-- Task requirements --
The data must be given again exactly as written, with all images omitted.
[[ Information shown open ]]
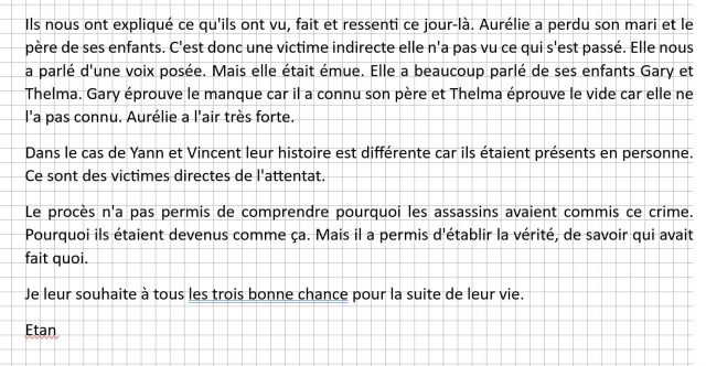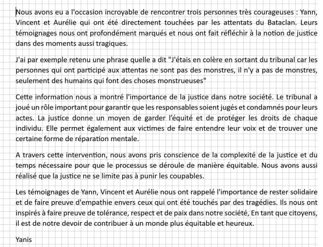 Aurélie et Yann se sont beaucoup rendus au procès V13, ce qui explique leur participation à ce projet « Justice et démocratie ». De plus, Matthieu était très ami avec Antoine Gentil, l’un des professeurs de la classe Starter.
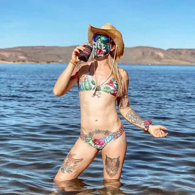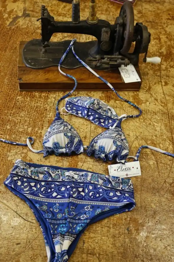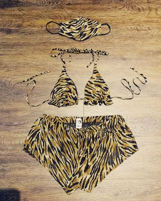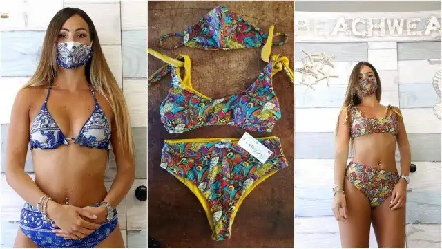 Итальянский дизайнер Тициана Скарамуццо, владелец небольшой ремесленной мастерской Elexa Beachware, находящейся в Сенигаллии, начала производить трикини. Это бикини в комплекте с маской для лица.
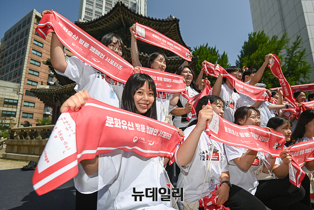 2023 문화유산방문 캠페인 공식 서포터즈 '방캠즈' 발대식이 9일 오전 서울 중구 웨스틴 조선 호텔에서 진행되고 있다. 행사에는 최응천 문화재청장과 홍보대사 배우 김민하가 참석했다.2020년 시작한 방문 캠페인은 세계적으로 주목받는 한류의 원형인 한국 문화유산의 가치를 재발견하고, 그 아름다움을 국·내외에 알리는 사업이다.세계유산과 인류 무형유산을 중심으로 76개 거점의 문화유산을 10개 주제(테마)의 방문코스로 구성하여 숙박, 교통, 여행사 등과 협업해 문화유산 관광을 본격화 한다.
[[ Information shown closed ]]
-- Solution to this problem --
 Aurélie et Yann se sont beaucoup rendus au procès V13, ce qui explique leur participation à ce projet « Justice et démocratie ». De plus, Matthieu était très ami avec Antoine Gentil, l’un des professeurs de la classe Starter.
 Итальянский дизайнер Тициана Скарамуццо, владелец небольшой ремесленной мастерской Elexa Beachware, находящейся в Сенигаллии, начала производить трикини. Это бикини в комплекте с маской для лица.
 2023 문화유산방문 캠페인 공식 서포터즈 '방캠즈' 발대식이 9일 오전 서울 중구 웨스틴 조선 호텔에서 진행되고 있다. 행사에는 최응천 문화재청장과 홍보대사 배우 김민하가 참석했다.2020년 시작한 방문 캠페인은 세계적으로 주목받는 한류의 원형인 한국 문화유산의 가치를 재발견하고, 그 아름다움을 국·내외에 알리는 사업이다.세계유산과 인류 무형유산을 중심으로 76개 거점의 문화유산을 10개 주제(테마)의 방문코스로 구성하여 숙박, 교통, 여행사 등과 협업해 문화유산 관광을 본격화 한다.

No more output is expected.